:: Data for analysis
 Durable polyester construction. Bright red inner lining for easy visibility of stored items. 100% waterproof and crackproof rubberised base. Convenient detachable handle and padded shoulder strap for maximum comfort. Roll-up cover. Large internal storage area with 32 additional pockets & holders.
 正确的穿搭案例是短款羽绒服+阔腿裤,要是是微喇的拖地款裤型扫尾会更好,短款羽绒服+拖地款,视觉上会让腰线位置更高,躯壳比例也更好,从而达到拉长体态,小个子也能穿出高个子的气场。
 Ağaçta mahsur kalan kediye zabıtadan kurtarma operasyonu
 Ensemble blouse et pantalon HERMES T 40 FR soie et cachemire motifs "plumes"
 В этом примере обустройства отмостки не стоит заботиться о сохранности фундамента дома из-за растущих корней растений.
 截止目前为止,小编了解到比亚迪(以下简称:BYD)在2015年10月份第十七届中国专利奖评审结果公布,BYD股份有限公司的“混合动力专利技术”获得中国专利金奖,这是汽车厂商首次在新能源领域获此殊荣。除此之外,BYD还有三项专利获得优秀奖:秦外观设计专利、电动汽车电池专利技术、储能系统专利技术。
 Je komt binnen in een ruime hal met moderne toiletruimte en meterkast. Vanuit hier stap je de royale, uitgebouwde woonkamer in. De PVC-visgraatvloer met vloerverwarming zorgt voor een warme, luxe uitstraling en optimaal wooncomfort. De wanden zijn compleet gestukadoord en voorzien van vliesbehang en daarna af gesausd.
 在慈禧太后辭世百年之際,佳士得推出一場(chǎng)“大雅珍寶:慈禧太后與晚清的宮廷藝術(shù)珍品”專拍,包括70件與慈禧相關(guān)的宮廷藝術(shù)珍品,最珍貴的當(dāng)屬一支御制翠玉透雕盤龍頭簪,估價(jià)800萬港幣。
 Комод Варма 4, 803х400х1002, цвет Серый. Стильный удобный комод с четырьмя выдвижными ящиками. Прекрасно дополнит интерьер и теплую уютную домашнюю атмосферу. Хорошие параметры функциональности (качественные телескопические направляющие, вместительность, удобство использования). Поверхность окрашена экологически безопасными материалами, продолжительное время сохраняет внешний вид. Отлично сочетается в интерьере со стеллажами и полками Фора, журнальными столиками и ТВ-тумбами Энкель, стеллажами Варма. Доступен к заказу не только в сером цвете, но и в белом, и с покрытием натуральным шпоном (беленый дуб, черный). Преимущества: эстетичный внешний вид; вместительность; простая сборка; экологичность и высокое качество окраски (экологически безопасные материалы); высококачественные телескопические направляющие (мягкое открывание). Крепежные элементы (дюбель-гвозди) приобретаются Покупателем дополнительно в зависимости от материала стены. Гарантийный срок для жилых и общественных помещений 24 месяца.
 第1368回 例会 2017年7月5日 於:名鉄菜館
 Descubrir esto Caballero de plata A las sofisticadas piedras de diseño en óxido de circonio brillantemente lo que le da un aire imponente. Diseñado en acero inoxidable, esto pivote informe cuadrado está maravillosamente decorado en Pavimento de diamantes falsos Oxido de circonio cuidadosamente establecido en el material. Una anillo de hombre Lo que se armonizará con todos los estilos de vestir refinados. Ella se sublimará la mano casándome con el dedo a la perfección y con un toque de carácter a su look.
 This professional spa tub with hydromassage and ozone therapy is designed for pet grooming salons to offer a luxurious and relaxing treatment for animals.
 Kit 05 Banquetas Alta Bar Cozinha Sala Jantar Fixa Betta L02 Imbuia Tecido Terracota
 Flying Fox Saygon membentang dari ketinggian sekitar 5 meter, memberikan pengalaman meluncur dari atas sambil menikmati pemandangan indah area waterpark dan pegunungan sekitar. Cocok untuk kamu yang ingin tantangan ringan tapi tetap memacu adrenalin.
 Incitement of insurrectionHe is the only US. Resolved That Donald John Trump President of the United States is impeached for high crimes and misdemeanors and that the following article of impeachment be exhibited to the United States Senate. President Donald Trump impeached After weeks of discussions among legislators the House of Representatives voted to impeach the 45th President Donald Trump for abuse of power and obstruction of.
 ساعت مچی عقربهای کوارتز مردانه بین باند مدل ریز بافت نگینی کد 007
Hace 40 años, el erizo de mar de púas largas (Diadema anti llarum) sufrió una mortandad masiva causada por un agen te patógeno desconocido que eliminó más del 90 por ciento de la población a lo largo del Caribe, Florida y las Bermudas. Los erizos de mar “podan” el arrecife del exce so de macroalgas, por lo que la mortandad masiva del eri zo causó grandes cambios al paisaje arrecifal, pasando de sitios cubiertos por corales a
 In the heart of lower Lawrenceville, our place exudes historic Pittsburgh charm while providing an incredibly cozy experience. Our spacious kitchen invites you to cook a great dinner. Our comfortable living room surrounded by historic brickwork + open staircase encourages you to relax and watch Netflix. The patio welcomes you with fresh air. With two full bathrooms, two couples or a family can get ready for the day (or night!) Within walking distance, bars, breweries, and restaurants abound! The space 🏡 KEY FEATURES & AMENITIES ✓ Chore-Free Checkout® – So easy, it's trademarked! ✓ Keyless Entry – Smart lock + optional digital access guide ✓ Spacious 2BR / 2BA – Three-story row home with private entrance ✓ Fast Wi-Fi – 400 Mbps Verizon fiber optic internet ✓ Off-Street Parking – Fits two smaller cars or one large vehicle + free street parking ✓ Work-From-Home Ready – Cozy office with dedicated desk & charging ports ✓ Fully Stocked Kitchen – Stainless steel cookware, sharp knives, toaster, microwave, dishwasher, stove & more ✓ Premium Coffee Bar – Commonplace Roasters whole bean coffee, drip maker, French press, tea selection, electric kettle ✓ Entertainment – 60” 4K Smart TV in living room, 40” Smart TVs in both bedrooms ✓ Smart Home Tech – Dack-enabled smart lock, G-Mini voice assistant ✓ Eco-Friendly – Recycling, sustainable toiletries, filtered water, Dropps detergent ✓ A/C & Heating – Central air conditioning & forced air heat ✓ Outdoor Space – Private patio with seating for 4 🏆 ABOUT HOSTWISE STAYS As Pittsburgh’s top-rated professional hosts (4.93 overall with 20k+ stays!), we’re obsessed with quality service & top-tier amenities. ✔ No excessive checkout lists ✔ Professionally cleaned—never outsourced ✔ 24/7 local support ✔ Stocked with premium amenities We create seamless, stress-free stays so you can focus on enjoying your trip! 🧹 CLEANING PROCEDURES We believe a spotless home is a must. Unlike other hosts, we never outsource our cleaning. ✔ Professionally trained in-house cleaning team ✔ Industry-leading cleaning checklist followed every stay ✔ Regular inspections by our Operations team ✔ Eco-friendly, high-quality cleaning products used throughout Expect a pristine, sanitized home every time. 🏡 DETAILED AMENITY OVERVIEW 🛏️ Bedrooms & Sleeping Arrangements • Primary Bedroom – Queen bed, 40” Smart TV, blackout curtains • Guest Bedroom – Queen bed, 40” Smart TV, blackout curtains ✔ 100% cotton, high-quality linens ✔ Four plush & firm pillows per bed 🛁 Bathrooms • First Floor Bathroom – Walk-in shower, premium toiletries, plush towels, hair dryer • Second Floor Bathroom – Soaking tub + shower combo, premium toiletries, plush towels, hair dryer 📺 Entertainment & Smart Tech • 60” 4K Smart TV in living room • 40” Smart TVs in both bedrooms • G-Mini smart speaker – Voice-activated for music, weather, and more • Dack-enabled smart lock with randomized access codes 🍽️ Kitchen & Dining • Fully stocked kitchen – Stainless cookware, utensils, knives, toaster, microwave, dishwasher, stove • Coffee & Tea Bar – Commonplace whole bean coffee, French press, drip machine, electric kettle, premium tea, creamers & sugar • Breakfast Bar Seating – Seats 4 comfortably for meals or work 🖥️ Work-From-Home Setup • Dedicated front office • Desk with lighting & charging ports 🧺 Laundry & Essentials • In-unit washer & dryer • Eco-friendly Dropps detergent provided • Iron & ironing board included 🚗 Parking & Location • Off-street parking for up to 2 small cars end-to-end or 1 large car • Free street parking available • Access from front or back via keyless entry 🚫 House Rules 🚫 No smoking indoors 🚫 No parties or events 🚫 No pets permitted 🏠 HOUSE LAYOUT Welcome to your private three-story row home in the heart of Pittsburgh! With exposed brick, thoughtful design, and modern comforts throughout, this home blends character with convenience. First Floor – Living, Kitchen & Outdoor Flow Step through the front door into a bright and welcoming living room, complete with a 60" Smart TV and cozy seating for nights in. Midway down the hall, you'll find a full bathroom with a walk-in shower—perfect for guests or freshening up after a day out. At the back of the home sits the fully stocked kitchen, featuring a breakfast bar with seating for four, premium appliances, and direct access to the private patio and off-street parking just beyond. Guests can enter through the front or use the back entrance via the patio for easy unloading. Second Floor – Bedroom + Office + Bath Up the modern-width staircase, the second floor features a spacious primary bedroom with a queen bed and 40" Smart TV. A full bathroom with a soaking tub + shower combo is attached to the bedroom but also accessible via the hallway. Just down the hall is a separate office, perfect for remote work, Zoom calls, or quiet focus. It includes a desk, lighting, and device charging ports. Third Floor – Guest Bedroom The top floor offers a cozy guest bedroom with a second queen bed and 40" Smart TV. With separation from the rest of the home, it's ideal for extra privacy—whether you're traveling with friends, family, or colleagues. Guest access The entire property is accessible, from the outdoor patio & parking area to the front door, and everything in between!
::::
• Work task: In the material above, locate the line containing "В этом примере" and the line containing "截止目前为止,小编了解到比亚". Transcribe exactly those two lines and every line between them, and nothing more.

• Solved problem:
 В этом примере обустройства отмостки не стоит заботиться о сохранности фундамента дома из-за растущих корней растений.
 截止目前为止,小编了解到比亚迪(以下简称:BYD)在2015年10月份第十七届中国专利奖评审结果公布,BYD股份有限公司的“混合动力专利技术”获得中国专利金奖,这是汽车厂商首次在新能源领域获此殊荣。除此之外,BYD还有三项专利获得优秀奖:秦外观设计专利、电动汽车电池专利技术、储能系统专利技术。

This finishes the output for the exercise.